Task requirements: Transcribe exactly the lines from the first line of the records through the line containing "接下来,梁逸伦、刘敏聪、向瀚", and leave out every picture.

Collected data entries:
◇ ◇ ◇ ◇ ◇ ◇ ◇

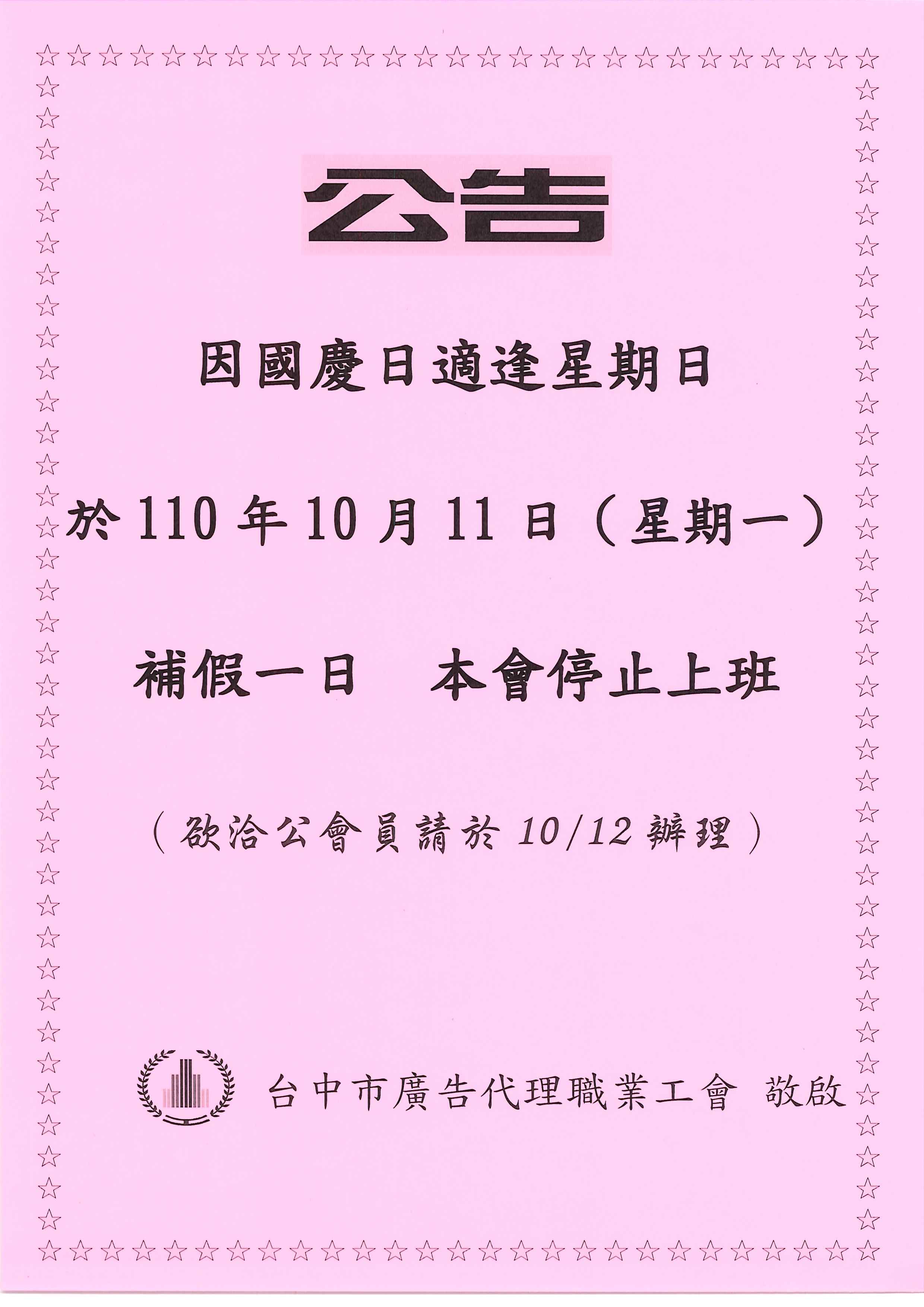 110年10月11日國慶補假~工會停止上班!!
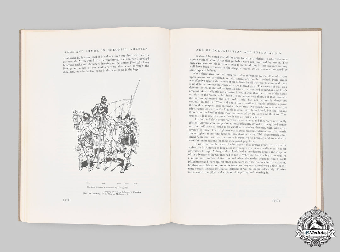 Hardcover, grayish-brown cloth cover, entitled "Arms and Armor in Colonial America 1526-1783" by Harold L. Peterson, copyrighted by the author in 1956, published by Bramhall House of New York, a division of Clarkson N. Potter, Inc. by arrangement with The Stackpole Company, Library of Congress Catalog Card Number 56-11273. The book features detailed descriptions and is fully illustrated through the use of multiple photographs, line drawings and woodcut prints. It begins with a Preface, followed by a Table of Contents. The book is divided into two books, each with its own Introduction. Book I - The Age of Colonization and Exploration 1526-1688, with four chapters: 1 - Firearms; 2 - Ammunition and Equipment; 3 - Edged Weapons; ; 4 - Armor; dealing with all the colonies that later became part of the continental United States. Book II - The French Wars and the Revolution 1689-1783, with four chapters: 5 - Firearms; 6 - Ammunition and Equipment; 7 - Edged Weapons; 8 - Armor; concerning itself primarily with the English colonies along the Atlantic Seaboard and secondarily with the French, but not the Spanish colonies in Florida and the South West, as information was lacking. It concludes with an Appendix ("The Compleat Souldier"), a Bibliography and a four page Index. The book contains 366 pages, printed in black ink, on a smooth-finished white paper stock, measuring 220 mm (w) x 285 mm (h) x 25 mm (d). It exhibits spotting and light soiling on the cover and the sides of the pages, along with some weakness evident in the spine, one tear present on pages 137-138, in addition to missing its original dust jacket, the contents of the book unaffected. Fine.
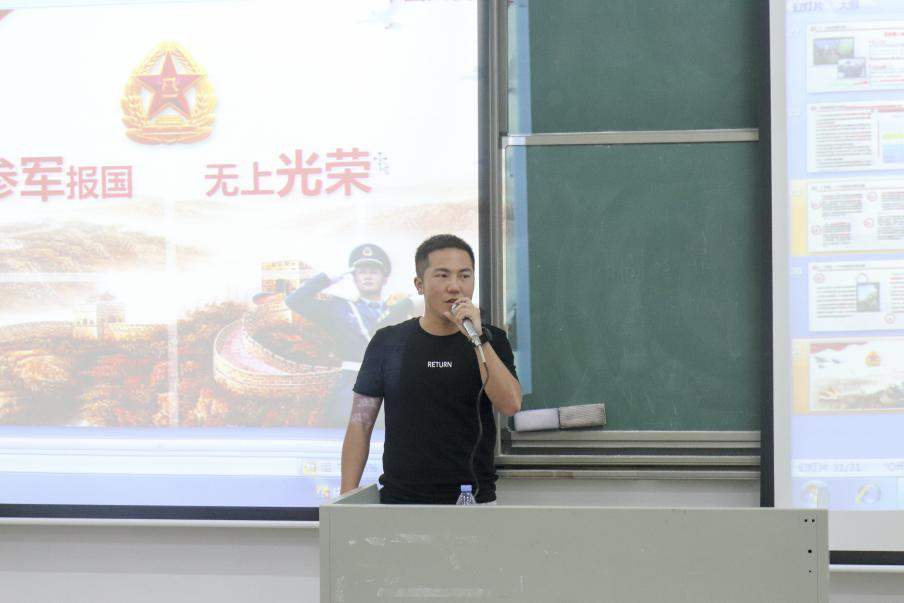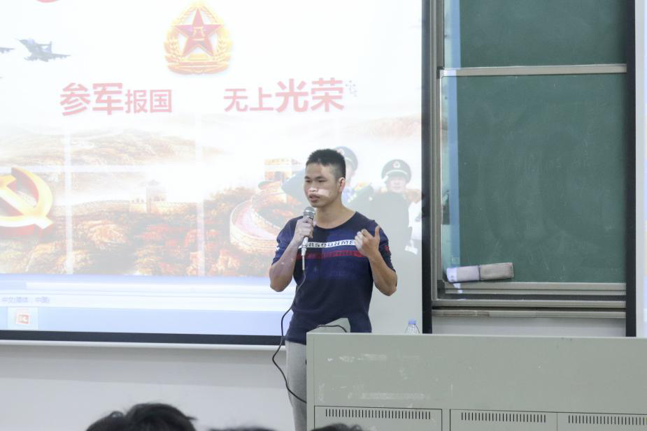 接下来,梁逸伦、刘敏聪、向瀚杰三位退伍军人依次向同学们讲述了他们各自在部队的训练、学习、生活情况,分享了他们的收获与成长的喜悦。梁逸伦同学谈到现代国防对文化素养高的大学生的需求,还谈到了当兵对他自身修养的提升,锻炼了他吃苦耐劳的精神。他说,“当兵后悔两年,不当兵后悔一辈子”;刘敏聪同学提到了他当兵时的生活作息与自身的兵梦。带着梦想而进,当兵光荣无上;向瀚杰则谈到了自己的军旅生活,不是枯燥无味的,而是丰富多彩,既磨练自己的意志,又锻炼了体魄,自己的身上已深深的打上了军人的烙印。
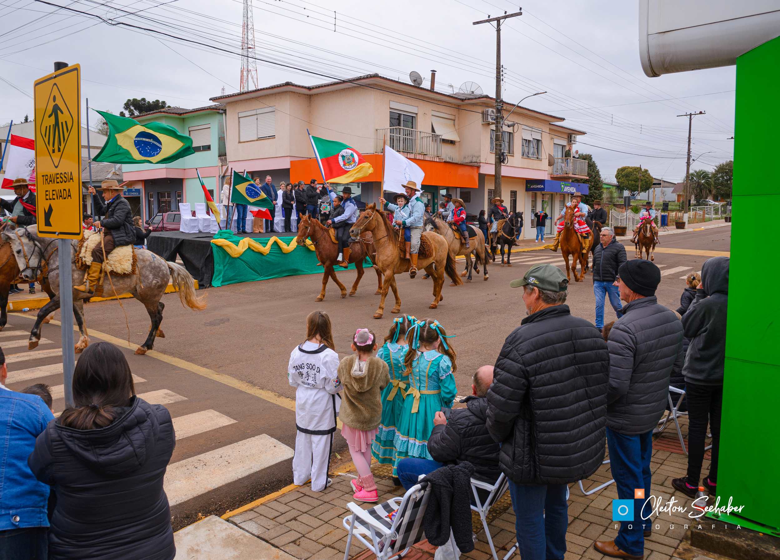 Na parte final do evento, cavaleiros conduziram a Chama Crioula, ato que marcou oficialmente o início das festividades farroupilhas no município, reforçando o vínculo entre o civismo e as tradições gaúchas.
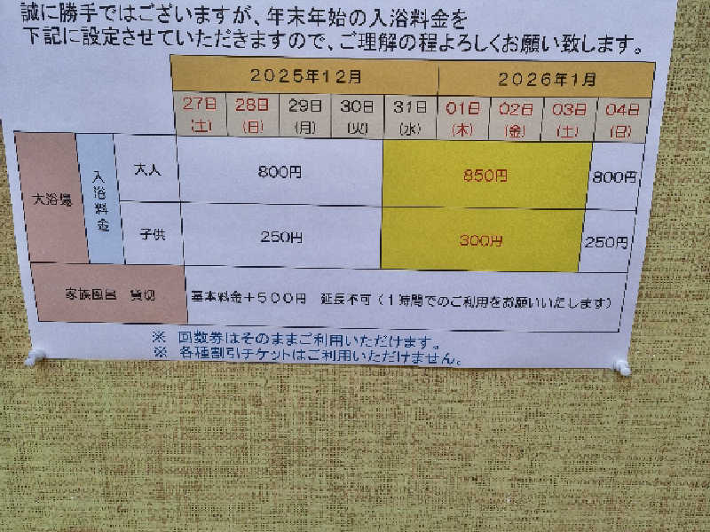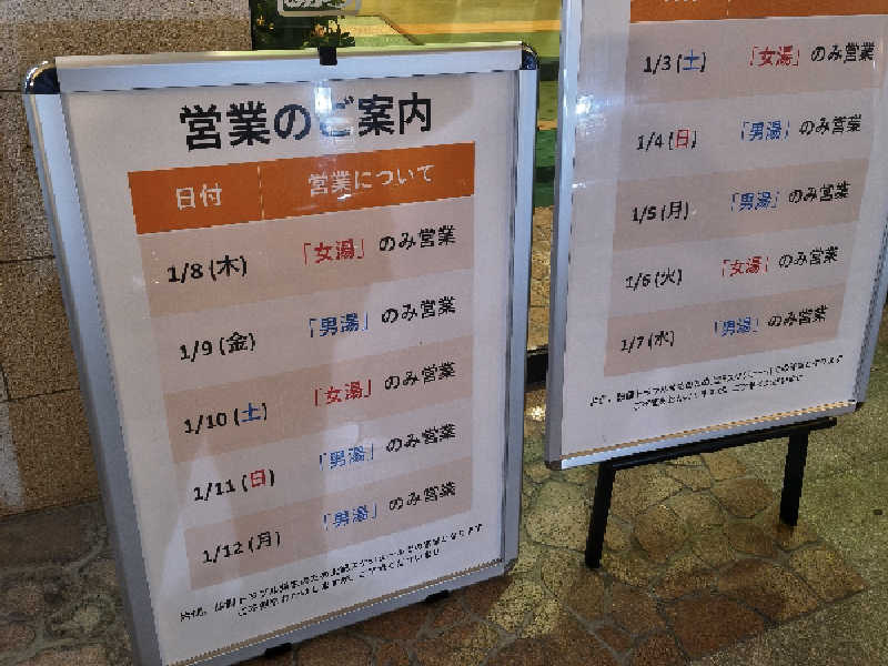 昨日ポイント2倍デーでひうちの湯を訪れると男湯休業中!
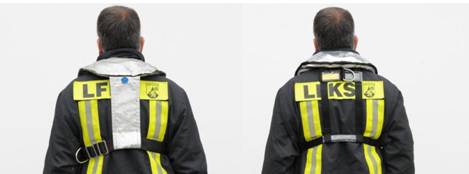 Abb. 2 Rettungswesten in Kombination mit einem Atemschutzgerät. Die linke Tragweise ist nicht zulässig
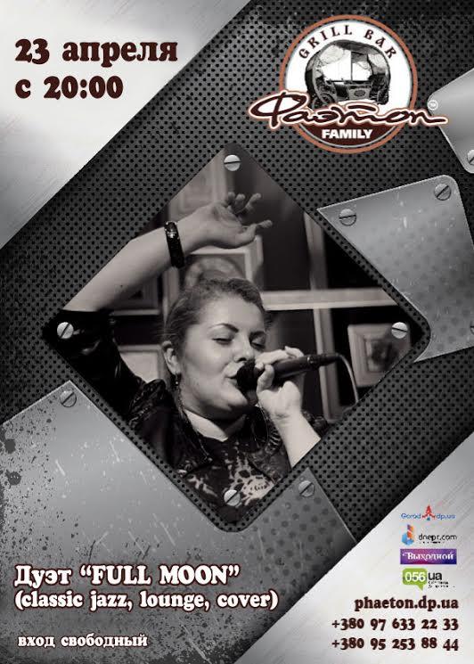 Весь вечер выходного дня для Вас будут петь и играть зачаровывающий Jazz-Cover дуэт ‘Full Moon’. Для Вас будут исполнены лучшие, популярные и не угасающие композиции джазовой эпохи в фирменных подачах и обработках.
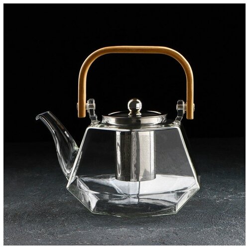 Чайник стеклянный заварочный с бамбуковой крышкой и металлическим ситом «Октогон», 1,2 л
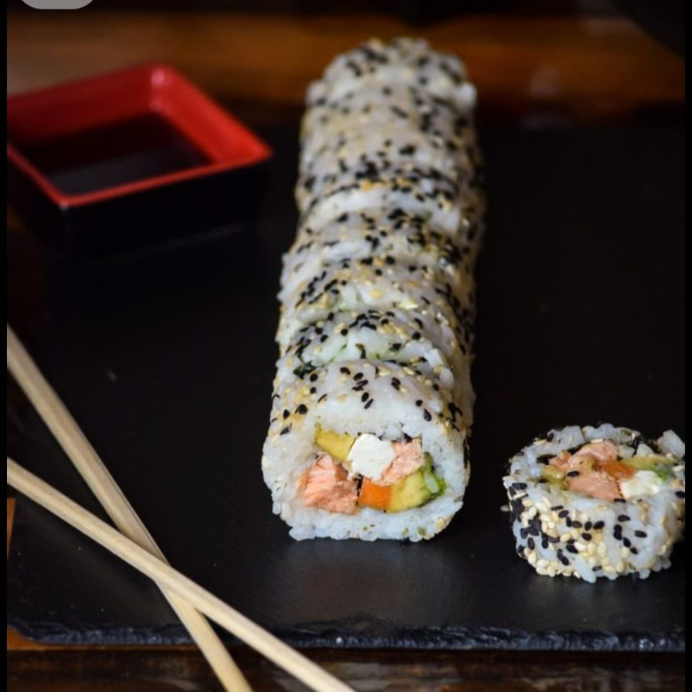 Ingredientes: salmón, cangrejo, queso philadelphia, aguacate y pepino.
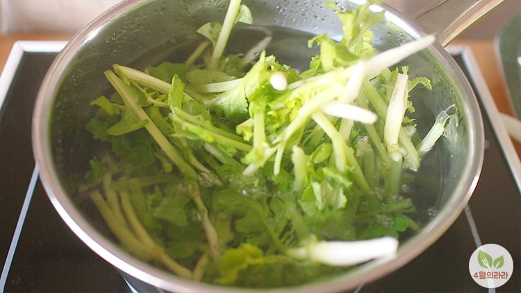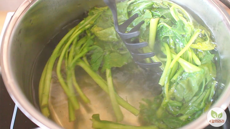 끓는 물에 소금을 넣고 손질하고 씻어놓은 열무의 줄기 부분부터 넣어 데칩니다. 데친 후 찬물에 헹궈 물기를 꽉 짜주세요.

◇ ◇ ◇ ◇ ◇ ◇ ◇

Answer to the exercise:
 110年10月11日國慶補假~工會停止上班!!
 Hardcover, grayish-brown cloth cover, entitled "Arms and Armor in Colonial America 1526-1783" by Harold L. Peterson, copyrighted by the author in 1956, published by Bramhall House of New York, a division of Clarkson N. Potter, Inc. by arrangement with The Stackpole Company, Library of Congress Catalog Card Number 56-11273. The book features detailed descriptions and is fully illustrated through the use of multiple photographs, line drawings and woodcut prints. It begins with a Preface, followed by a Table of Contents. The book is divided into two books, each with its own Introduction. Book I - The Age of Colonization and Exploration 1526-1688, with four chapters: 1 - Firearms; 2 - Ammunition and Equipment; 3 - Edged Weapons; ; 4 - Armor; dealing with all the colonies that later became part of the continental United States. Book II - The French Wars and the Revolution 1689-1783, with four chapters: 5 - Firearms; 6 - Ammunition and Equipment; 7 - Edged Weapons; 8 - Armor; concerning itself primarily with the English colonies along the Atlantic Seaboard and secondarily with the French, but not the Spanish colonies in Florida and the South West, as information was lacking. It concludes with an Appendix ("The Compleat Souldier"), a Bibliography and a four page Index. The book contains 366 pages, printed in black ink, on a smooth-finished white paper stock, measuring 220 mm (w) x 285 mm (h) x 25 mm (d). It exhibits spotting and light soiling on the cover and the sides of the pages, along with some weakness evident in the spine, one tear present on pages 137-138, in addition to missing its original dust jacket, the contents of the book unaffected. Fine.
 接下来,梁逸伦、刘敏聪、向瀚杰三位退伍军人依次向同学们讲述了他们各自在部队的训练、学习、生活情况,分享了他们的收获与成长的喜悦。梁逸伦同学谈到现代国防对文化素养高的大学生的需求,还谈到了当兵对他自身修养的提升,锻炼了他吃苦耐劳的精神。他说,“当兵后悔两年,不当兵后悔一辈子”;刘敏聪同学提到了他当兵时的生活作息与自身的兵梦。带着梦想而进,当兵光荣无上;向瀚杰则谈到了自己的军旅生活,不是枯燥无味的,而是丰富多彩,既磨练自己的意志,又锻炼了体魄,自己的身上已深深的打上了军人的烙印。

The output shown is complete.